§ YOUR TASK
Drop every picture. Return the rest of the entries exactly.

Data extracted from a collection
= = = = = = =

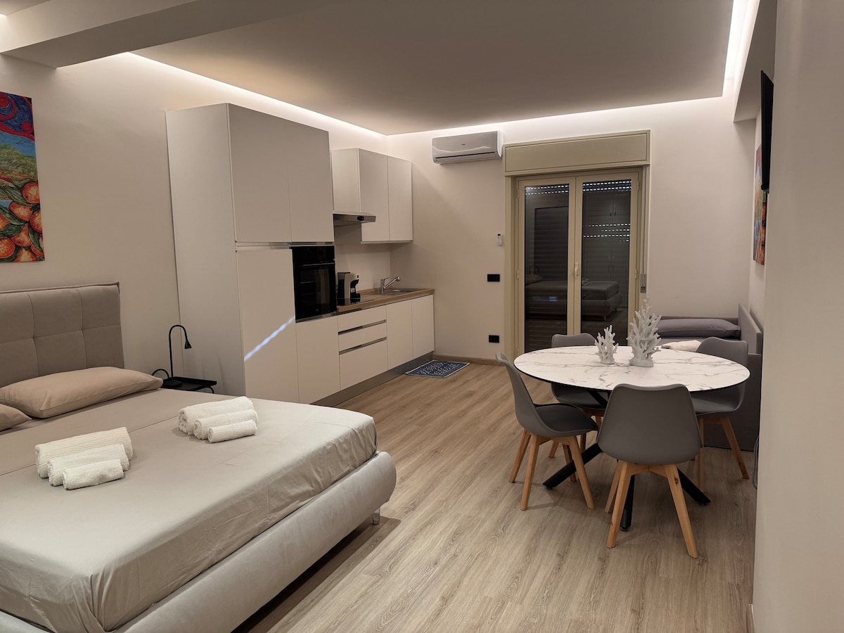 GIARDINI-NAXOS IZNAJMLJUJEMO APARTMAN ISPRED PLAŽE U CENTRALAREI SA VELIKOM terasom koja gleda na PREKRASNI ZALIV NAXOSA, OPREMLJEN SVIM POGODNOSTIMA. U SRCU TURISTIČKOG MJESTA GIARDINI-NAXOS. SASTOJI SE OD 2 SPAVAĆE SOBE, KUPATILA SA TUŠEM, kuhinje sa kaučem na razvlačenje, klima uređaja, mašine za pranje veša, MAŠINE ZA PRANJE SUĐA, interneta (WI-FI), TV-A SA SATELITOM, udaljenog 100 m od BARA, RESTORANA, SUPERMARKETA, BANKE, POŠTE, PLAŽE. za ljude koji vole more i koji žele ići na izlete u obližnje turističke lokalitete Taormina, Letojanni, klisure rijeke Alcantara, vulkan Etna, Catania, Messina i mnoga druga mjesta koja ćemo vam rado pokazati kada budete ovdje,
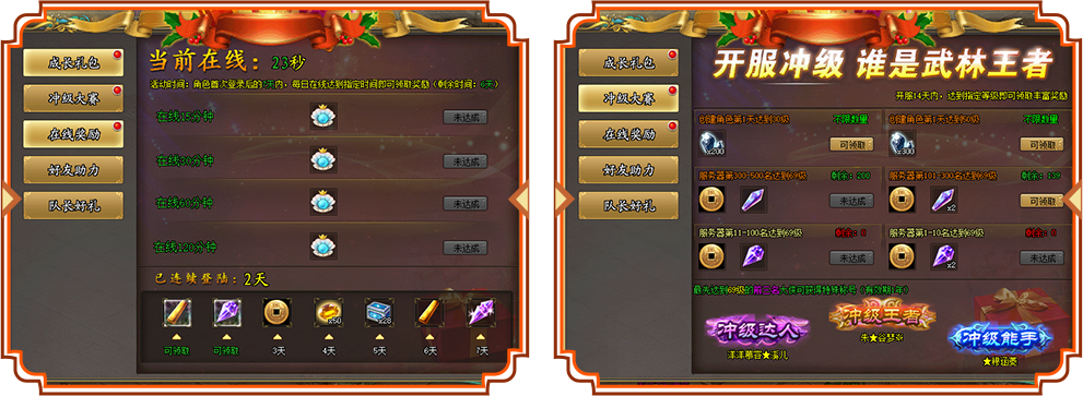 2、新服【龙战于野】开服后,大侠前往各大新手村NPC古枫霞处,即可兑换激活码,领取丰厚的新服VIP礼包奖励!
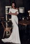 Свадебное платье прямого силуэта с рукавами 3/4 и поясом на талии.
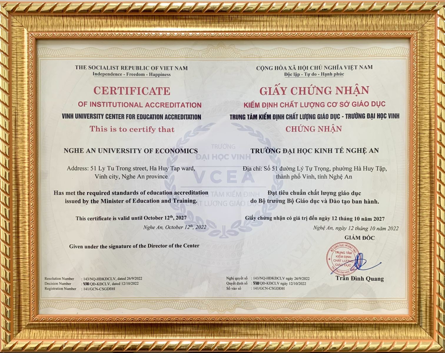 Ngày 14/10/2022, Trường Đại học Kinh tế Nghệ An diễn ra Lễ công bố và đón nhận chứng nhận kiểm định chất lượng cơ sở giáo dục theo quy định tại Thông tư 12/2017/TT-BGDĐT ngày 19/5/2017của Bộ Giáo dục và Đào tạo.
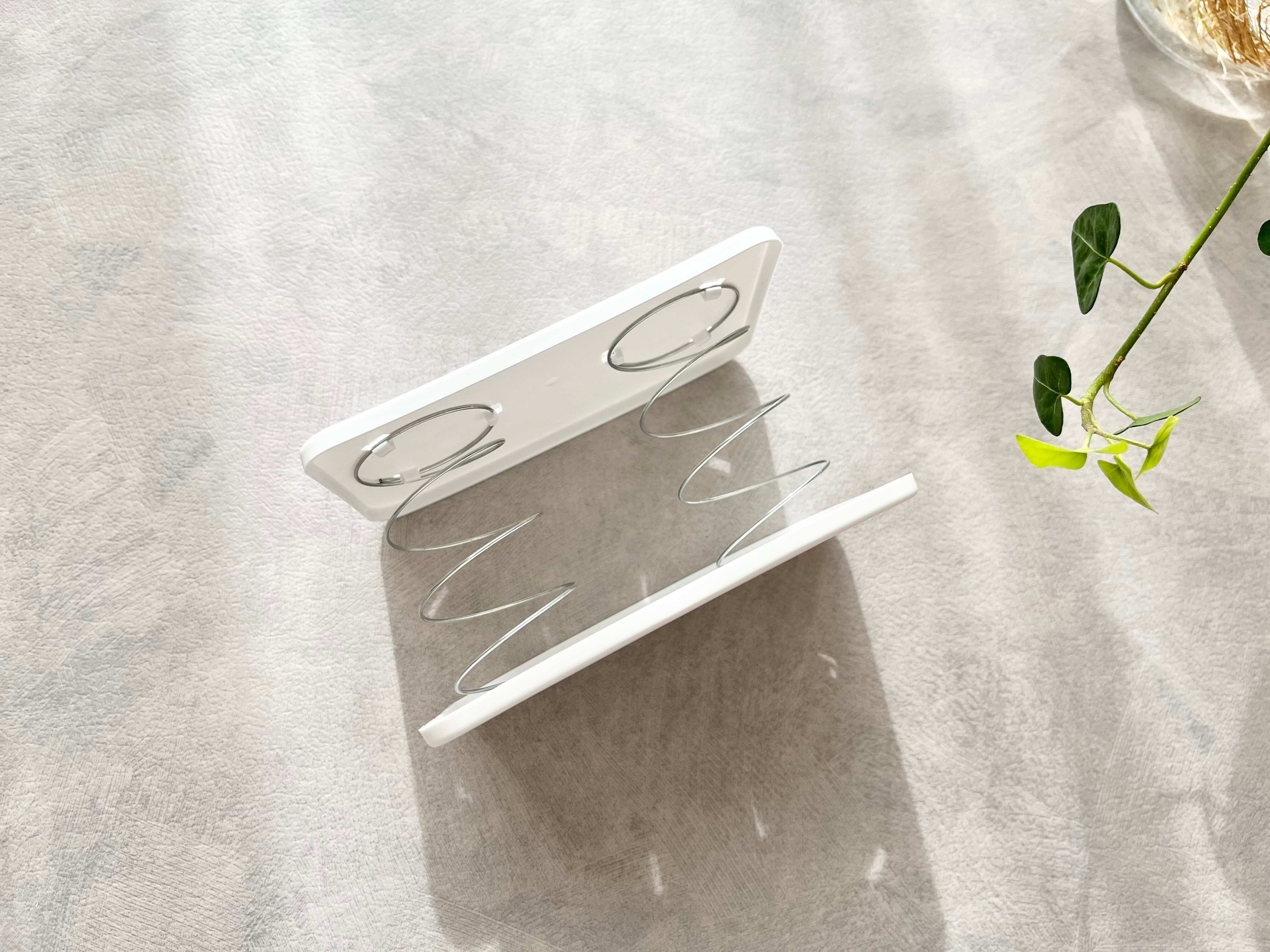梱包用のビニールを外すと、内側に付いている2本のバネが広がるようになっています。
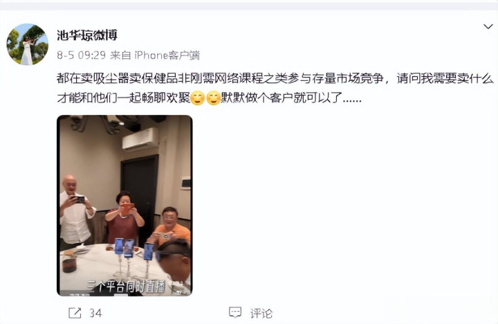 池华琼借社交媒体直截了当地道出自己不参加聚会的真正缘由:“与他们并非同道之人,不必再见。”

= = = = = = =

§ EXERCISE ANSWER
 GIARDINI-NAXOS IZNAJMLJUJEMO APARTMAN ISPRED PLAŽE U CENTRALAREI SA VELIKOM terasom koja gleda na PREKRASNI ZALIV NAXOSA, OPREMLJEN SVIM POGODNOSTIMA. U SRCU TURISTIČKOG MJESTA GIARDINI-NAXOS. SASTOJI SE OD 2 SPAVAĆE SOBE, KUPATILA SA TUŠEM, kuhinje sa kaučem na razvlačenje, klima uređaja, mašine za pranje veša, MAŠINE ZA PRANJE SUĐA, interneta (WI-FI), TV-A SA SATELITOM, udaljenog 100 m od BARA, RESTORANA, SUPERMARKETA, BANKE, POŠTE, PLAŽE. za ljude koji vole more i koji žele ići na izlete u obližnje turističke lokalitete Taormina, Letojanni, klisure rijeke Alcantara, vulkan Etna, Catania, Messina i mnoga druga mjesta koja ćemo vam rado pokazati kada budete ovdje,
 2、新服【龙战于野】开服后,大侠前往各大新手村NPC古枫霞处,即可兑换激活码,领取丰厚的新服VIP礼包奖励!
 Свадебное платье прямого силуэта с рукавами 3/4 и поясом на талии.
 Ngày 14/10/2022, Trường Đại học Kinh tế Nghệ An diễn ra Lễ công bố và đón nhận chứng nhận kiểm định chất lượng cơ sở giáo dục theo quy định tại Thông tư 12/2017/TT-BGDĐT ngày 19/5/2017của Bộ Giáo dục và Đào tạo.
梱包用のビニールを外すと、内側に付いている2本のバネが広がるようになっています。
 池华琼借社交媒体直截了当地道出自己不参加聚会的真正缘由:“与他们并非同道之人,不必再见。”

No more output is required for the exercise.